Later he told how he felt, “I was in a new world.
The birds sang
sweeter, the sun shone brighter. I’d never known such peace.” Not sure of his
spiritual perception, however, his first application for church membership, in
May 1855, was rejected. He was not received as a church member until May 4,
1856.
After the Civil
War started, he became involved with the United States Christian Commission of
the YMCA, and paid nine visits to the battlefront, being present among the
Union soldiers after the Battle of Shiloh (a.k.a. Pittsburg Landing) and the
Battle of Stones River; he also entered Richmond, Virginia, with the troops of
General Grant.
D. L. Moody
married Emma C. Revell, on August 28, 1862, with whom he had a daughter, Emma
Reynolds Moody, and two sons, William Revell Moody and Paul Dwight Moody.
In 1867, primarily due to his wife’s asthma, the couple went to
England. He also wanted to meet Spurgeon and Mueller. On this trip, while they
sat in a public park in Dublin, Evangelist Henry Varley remarked, “The world
has yet to see what God will do with, and for, and through, and in, and by, the
man who is fully consecrated to Him.”
John Knox
allegedly originated this saying that was now to burn in Moody’s soul (some
historians put this Varley conversation in an 1872 trip). Moody met Henry
Moorhouse also in Dublin, who said to him, “Someday I am coming to America, and
when I do, I would like to preach in your church.” Moody agreed to give him the
pulpit when he came.
visit Dunamisblog.com for more of this post.
Three incidents
prepared Moody for his world-famous evangelistic crusades. First, in February,
1868, Moorhouse came as promised to Moody’s pulpit in Chicago. For seven nights
he preached from the text, John 3:16, counseling Moody privately, “Teach what
the Bible says, not your own words, and shows people how much God loves them.”
Moody’s preaching was much more effective after that.
During a trip to
United Kingdom in the spring of 1872, he became well known as an evangelist.
Literary works
published by the Moody Bible Institute have claimed that he was the greatest
evangelist of the 19th century; He preached almost a hundred times and came
into communion with the Plymouth Brethren. On several occasions he filled
stadia of a capacity of 2,000 to 4,000. In the Botanic Gardens Palace a meeting
had an audience between 15,000 and 30,000.
That turnout
continued throughout 1874 and 1875, with crowds of thousands at all of his
meetings.
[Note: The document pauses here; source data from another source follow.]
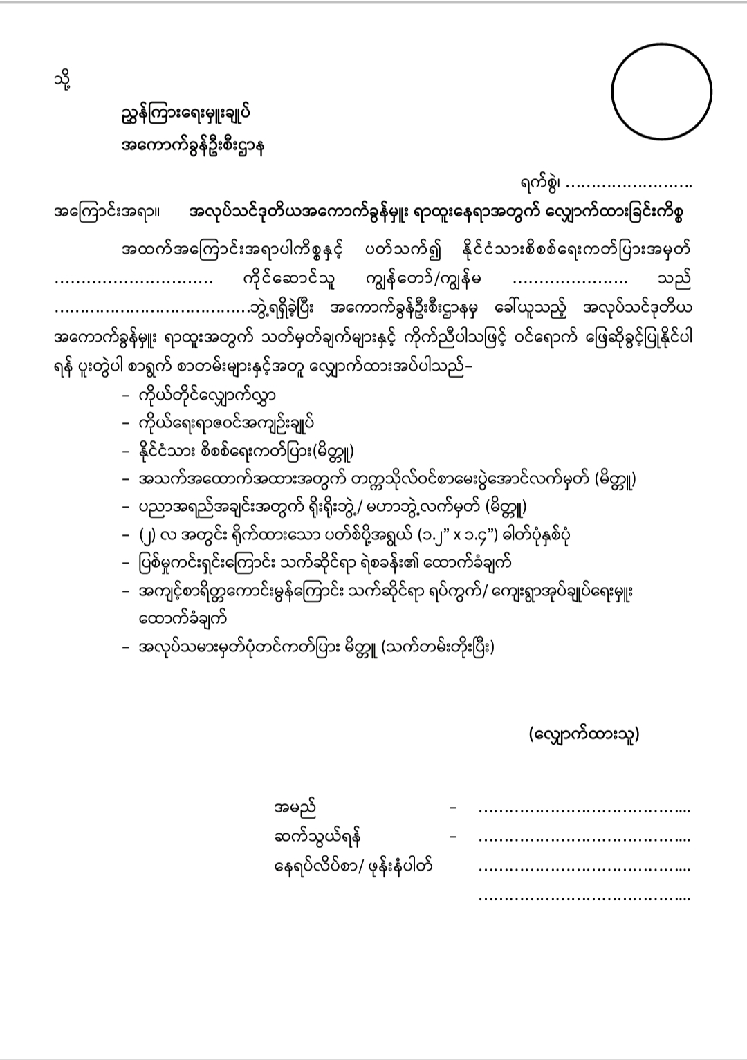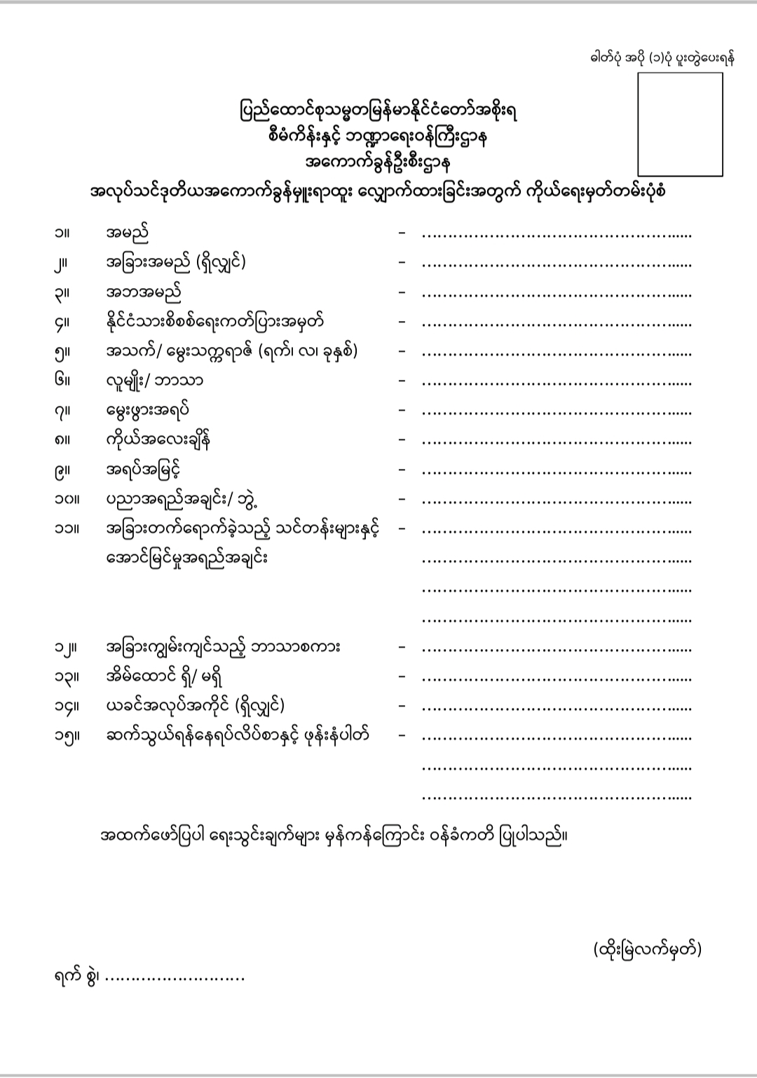 အလုပ်သင်ဒုတိယအကောက်ခွန်မှူးရာထူး အလုပ်လျှောက်လွှာပုံစံ
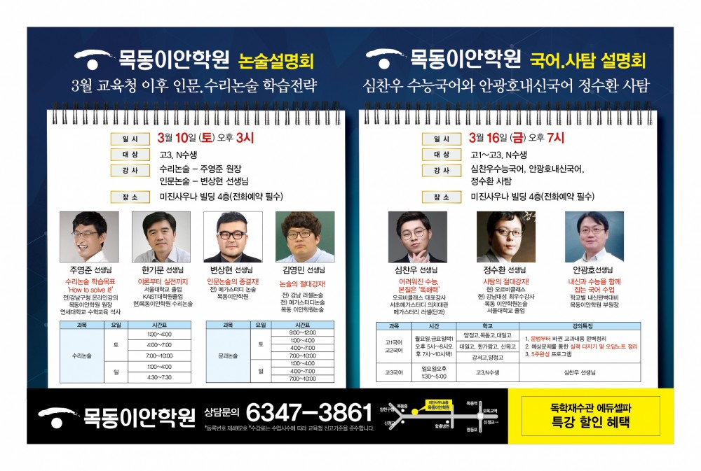 2차 설명회 내용: 고등부 국어 내신,수능/ 사회탐구 수능대비법 설명 대상: 고 1,2,3 날자: 3월 16일 (금) 시간: 저녁 7시 강사: 고등부 국어 - 안광호 선생님 심찬우 선생님 사탐 - 정수환 선생님 . |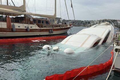 Bodrum’da iskeleye demirli lüks yat su alıp battı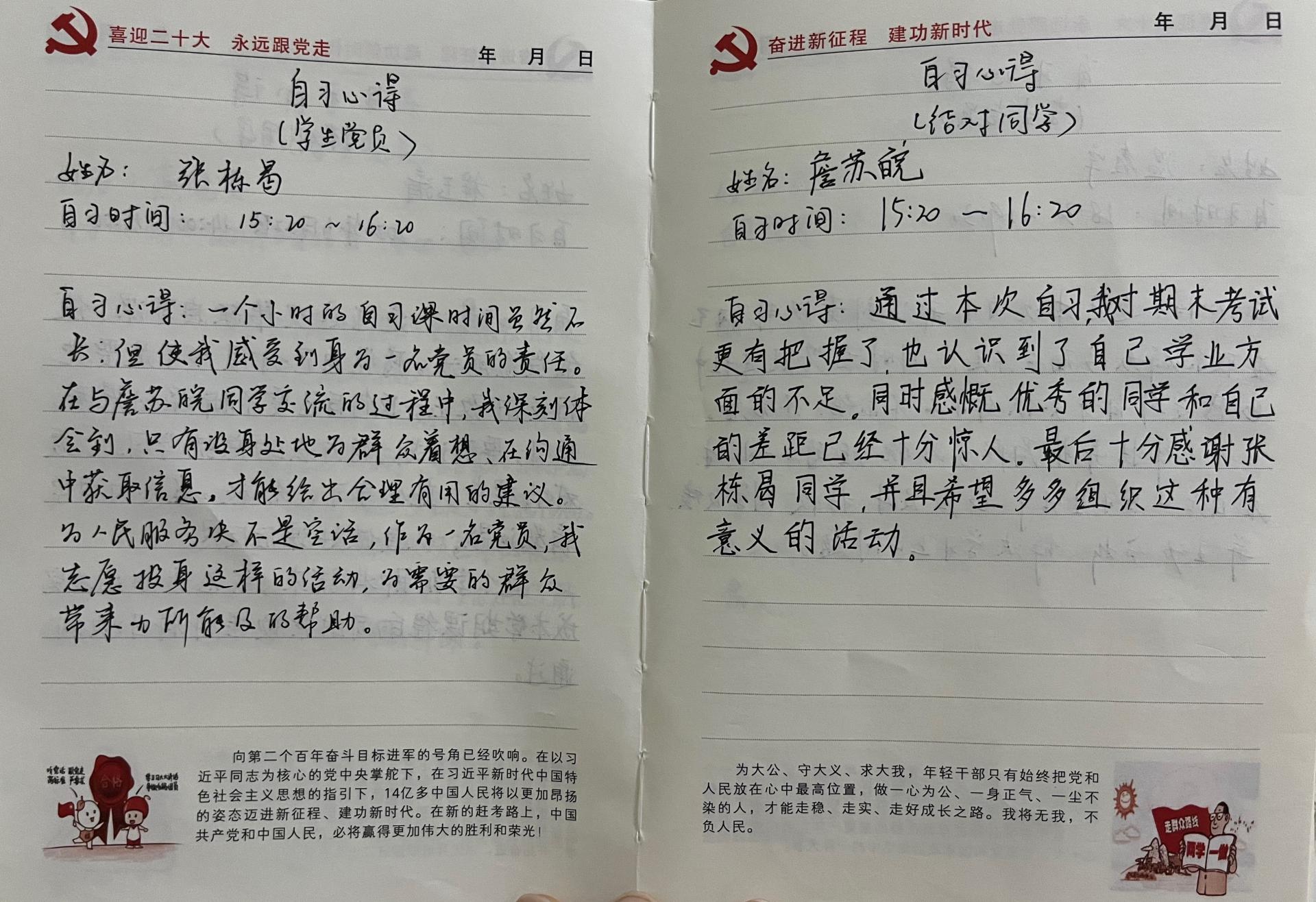 支部通过召开支部大会,讨论决定主题党日活动具体方案,在前期党员结对帮扶的基础上,根据本支部涵盖专业同学的学业情况,以必修课有重修的同学为主要对象,建立本次党日活动的学业帮扶台账。员工党员与学业困难同学共同上自习,在自习期间,结对双方从当前大学学习生活的困惑到未来的职业发展和人生规划进行交心通理、相学相长;党员同学就帮扶对象的近期学业情况、课程复习给予帮扶指导,制定具体复习计划和目标,提升复习效率,争取本学期顺利通过所有课程。党员将党日活动的体验通过思想汇报进行总结汇报,进一步提升党性修养和宗旨意识。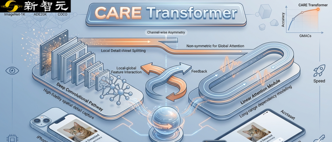 【新智元导读】南洋理工、北航与合工大联合提出CARE Transformer,以非对称解耦方式并行建模局部细节与全局依赖,通过通道拆分与双交互机制,显著降低线性注意力计算开销,同时提升特征表达能力。实验证明,该模型在iPhone与iPad上实现超低延迟下的高精度,成功打破移动端视觉Transformer“效率与精度不可兼得”的困局,为端侧AI落地提供全新范式。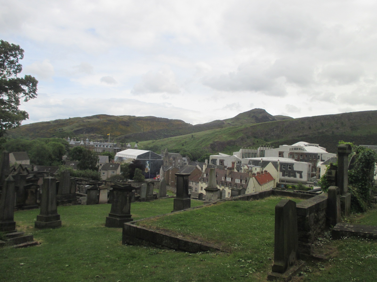 Enfin bref, après une matinée de travail, je me suis mise en route vers Prince Street pour la partie qui monte, le long d’un parc sur une colline que je note à explorer plus tard. Je suis allée jusqu’au cimetière de Calton, « tombes avec vue » qu’ils l’appellent, certes on a une belle vue sur Arthur Seat et le quartier du Parlement. Je l’ai donc traversé, c’est très vert, et arrivée en bas, je ne me sentais pas bien (ça faisait longtemps), je me suis assise près du Parlement avant de remonter la Royal Mile, tiraillée entre l’envie d’explorer et de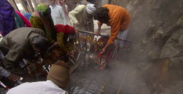 यमुनोत्री,恒河的第二个发源地,同时它也被认为是亚穆纳河的起点。信徒们在祭拜之前,会在寺庙下的一个温泉里沐浴,洗去身上和心灵的灰尘,以示他们的虔诚。在这里,他们将熟大米放入热腾腾的硫磺味的池子里来供奉河神。
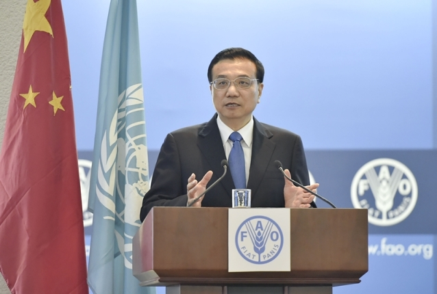 ????面對聯合國三大糧農機構的數百名代表,克強總理發表演講。從中國元素、中國經驗到中國聲音,克強總理對糧農組織的訪問讓世界看到了應對饑餓和貧困的中國希望。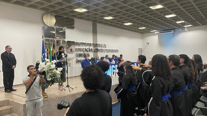 A Reitora Substituta Xênia de Castro conferiu a outorga de grau aos representantes dos cursos. Victória Régia Souza Ribeiro representou os formandos de Engenharia Civil e Ana Francisca Marques Penha representou os formandos em Engenharia de Controle e Automação.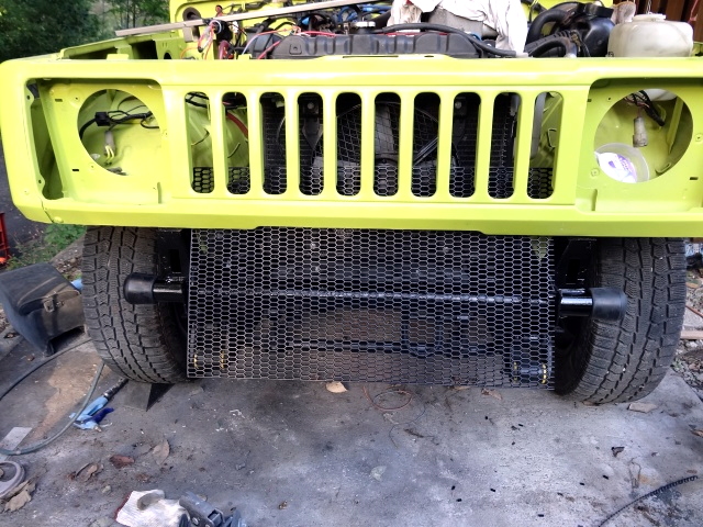 ウォッシャータンク、フロントグリル、フロントエプロンなどの取付、リヤの純正バンパーステーの切断、リヤバンパー用のステー加工など |

During his visit to Scotland he was helped and encouraged by Andrew
A. Bonar.
The famous
London Baptist preacher, Charles Spurgeon, invited him to speak, and he
promoted him as well.
When he returned
to the US, crowds of 12,000 to 20,000 were as common as they had been in
England. President Grant and some of his cabinet officials attended a meeting
on January 19, 1876. His evangelistic meetings took place from Boston to New
York, throughout New England, and as far as San Francisco, along with other
West Coast towns from Vancouver to San Diego.
His influence
was felt among Swedes despite that he was of English heritage, that he never
visited Sweden or any other Scandinavian country, and that he never spoke a
word of Swedish. Nonetheless he became a hero revivalist among Swedish Mission
Friends in Sweden and America.
News of Moody’s
large revival campaigns in Great Britain from 1873 through 1875 traveled
quickly to Sweden, making “Mr. Moody” a household name in homes of many Mission
Friends. Moody’s sermons published in Sweden were distributed in books,
newspapers, and colporteur tracts and they led to the spread of Sweden’s “Moody
fever” from 1875 through 1880.
He preached his
last sermon on November 16, 1899, in Kansas City, Missouri. Becoming ill, he
returned home by train to Northfield.
During the
preceding several months, friends had observed he had added some 30 pounds (14
kg) to his already ample frame. Although his illness was never diagnosed, it
has been speculated that he suffered from congestive heart failure. He died on
December 22, 1899, surrounded by his family.
Already installed
as the leader of his Chicago Bible Institute, R. A. Torrey succeeded Moody as
its president.
Ten years after
Moody’s death the Chicago Avenue Church was renamed the Moody Church in his
honor, and the Chicago Bible Institute was likewise renamed the Moody Bible
Institute.
God bless you.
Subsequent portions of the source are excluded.